Empowering Indigenous Women in Mountain Biking: A Story of Community and Connection

In the realm of mountain biking, the thrill of racing down rugged terrains and the camaraderie among riders are experiences that are cherished deeply. However, the sport also has the power to bridge cultures and empower communities, as showcased by pro enduro racer Miranda Miller in the season finale of her series, “Here. There. Everywhere.”

In this special episode, Miranda, a Squamish, B.C. local and the 2017 world champion, collaborates with the Indigenous Women Outdoors (IWO) program, dedicating her expertise to help a group of riders gear up for the Sturdy Dirty enduro race. This collaboration is not just about mastering the trails, but also about igniting a spirit of empowerment, resilience, and connection among Indigenous women.

The IWO program is a beacon of empowerment that provides Indigenous women the platform to explore and excel in outdoor sports activities. It operates on the profound Seventh Generation Principle, an indigenous concept from the Haudenosaunee, which emphasizes thinking about the impact of one’s actions on the next seven generations and honoring the seven generations that came before.

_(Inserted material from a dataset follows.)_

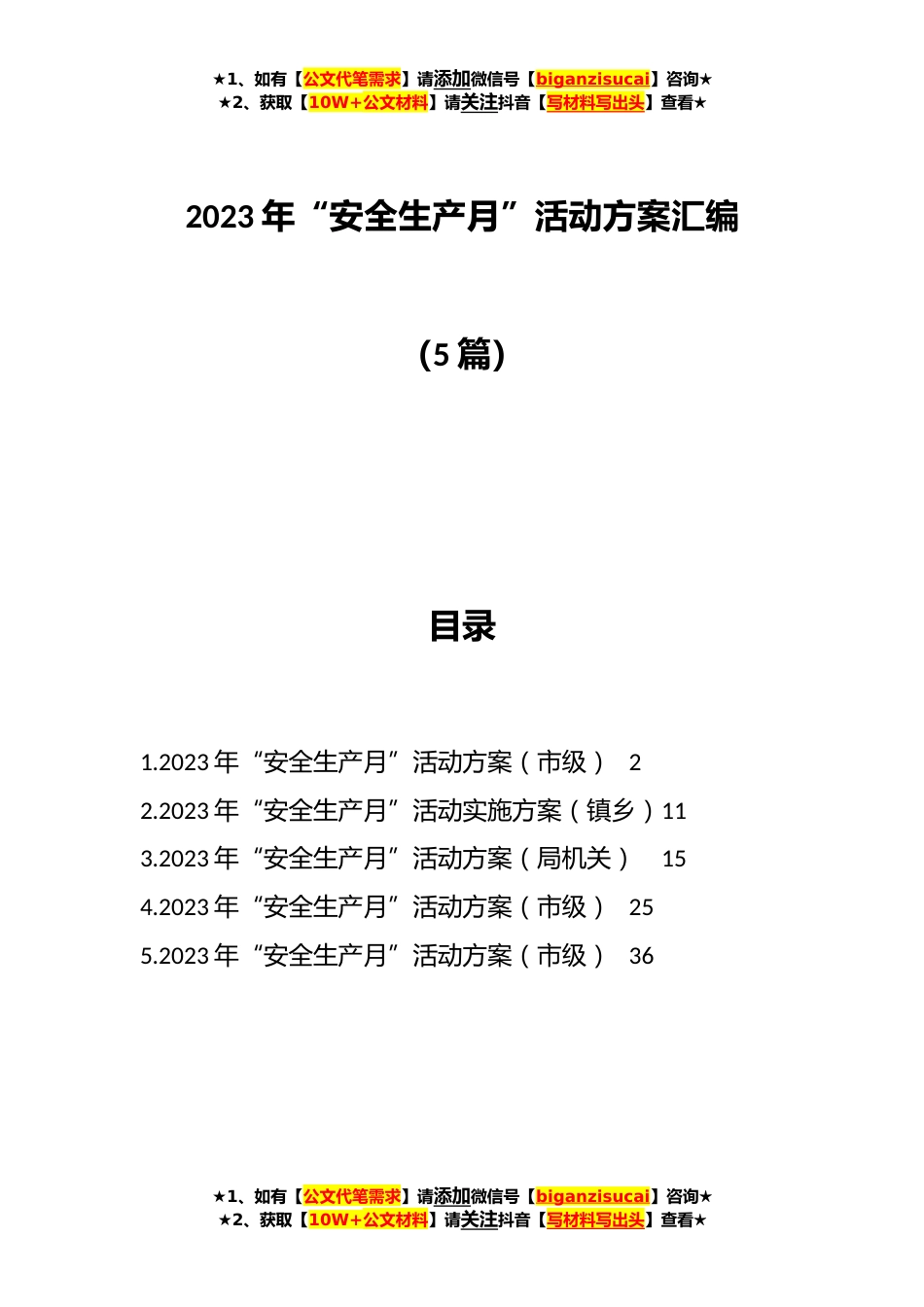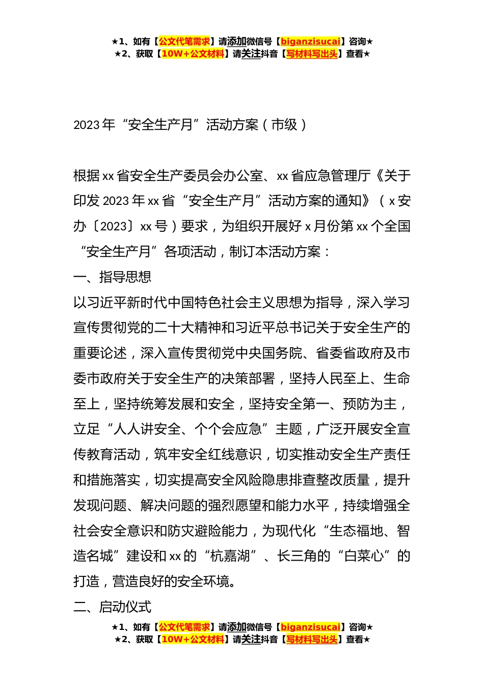 ★1、如有【公文代笔需求】请添加微信号【biganzisucai】咨询★★2、获取【10W+公文材料】请关注抖音【写材料写出头】查看★2023年“安全生产月”活动方案汇编(5篇)目录1.2023年“安全生产月”活动方案(市级)22.2023年“安全生产月”活动实施方案(镇乡)113.2023年“安全生产月”活动方案(局机关)154.2023年“安全生产月”活动方案(市级)255.2023年“安全生产月”活动方案(市级)36★1、如有【公文代笔需求】请添加微信号【biganzisucai】咨询★★2、获取【10W+公文材料】请关注抖音【写材料写出头】查看★★1、如有【公文代笔需求】请添加微信号【biganzisucai】咨询★★2、获取【10W+公文材料】请关注抖音【写材料写出头】查看★2023年“安全生产月”活动方案(市级)根据xx省安全生产委员会办公室、x...

As Miranda and the IWO riders prepare for the race, they are not just racing for themselves. They are challenging themselves to lead and inspire the youth for the next seven generations. This episode, filmed on the Indigenous Land of Coast Salish peoples, specifically Sḵwx̱wú7mesh Nation (Squamish) and the Snoqualmie Indian Tribe, is a beautiful narrative of how sports can transcend boundaries and foster a sense of community and empowerment.